Two Firsts
Today, C finally learned to pump properly while swinging. And, today he came home from school crying for the first time because three little girls in his class had called him a loser. Two major milestones in one day, both announcing in totally different ways that my son is growing up.
The pumping I could handle. That only required cheering and encouragement on my part along with lots of hugs and high fives when he finally disembarked from the swing 20 minutes after getting onto it. The name calling bit, however, was a little out of my league.
When he could finally get out why he was crying, I stalled by asking "And what did you do?" Hoping that he would have miraculously discovered the solution all by himself.
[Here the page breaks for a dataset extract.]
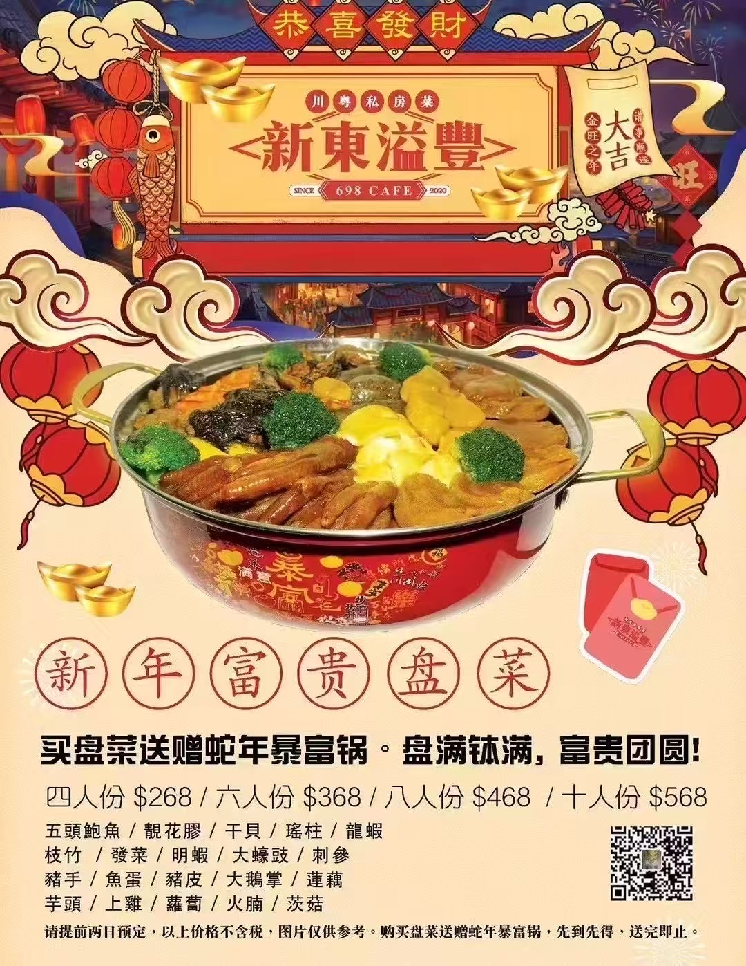 今年,698 CAFE | 新東溢豐 大家准备了象征团圆和丰收的盘菜大餐,让你的新年宴席更加热闹温馨!

The answer, however, was "I hid under the slide until recess was over." Apparently, the teachers overheard the comments, and took the girls aside and spoke to them, which had slightly mollified C, but he was so afraid of getting his feelings hurt again that he decided to stay hidden until it was time to go home.
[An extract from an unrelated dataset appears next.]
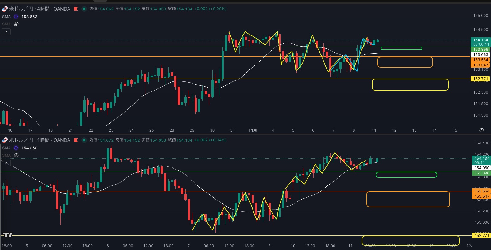 SMA・4時間SMAはヨコヨコ
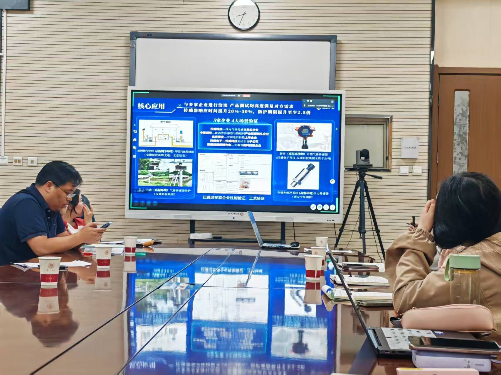 彭军霞老师指导项目《“膜”法护盾——新一代透气防护膜的引领者》、刘太宏老师指导的《直击“苯”质-新概念超高灵敏苯系物传感器》和教育部高校思想政治工作队伍培训研修中心项目《跨越边境的知识之梯:教育公平视角下边境国门教师学历提升需求与路径探析》三个项目的路演PPT提出针对性建议,并与团队成员和指导老师深入交流,帮助其厘清优化方向,进一步完善细节设计。

My initial reaction was to get on the phone to the two moms and give them a piece of my mind about the behavior of their offspring, but quickly decided that it was not in fact the right way to go about this. Instead, I spoke with C about how words can hurt as much as fists, and how it was OK to feel sad about the incident. We practiced telling any future offenders not to call him a loser, and how to tell them that they hurt his feelings. We discussed how just because other children were calling names did not mean that it was OK to do it, and how people who call you names are not really good friends.
C perked up considerably after I "gave him permission" to not play with the girls if he didn't want to, he seemed to think that just because they usually played together that it meant they had to do so for life, even if they were being mean to him. And he is pondering whether he is going to give them another chance if the apologize to him. My guess is that the girls have forgotten all about the incident, so he will be waiting an awful long time for the apology, but the exercise is probably useful. I, however, will have to restrain myself from giving the girls an ominous look tomorrow morning. Because no one should call my fabulous little boy a loser.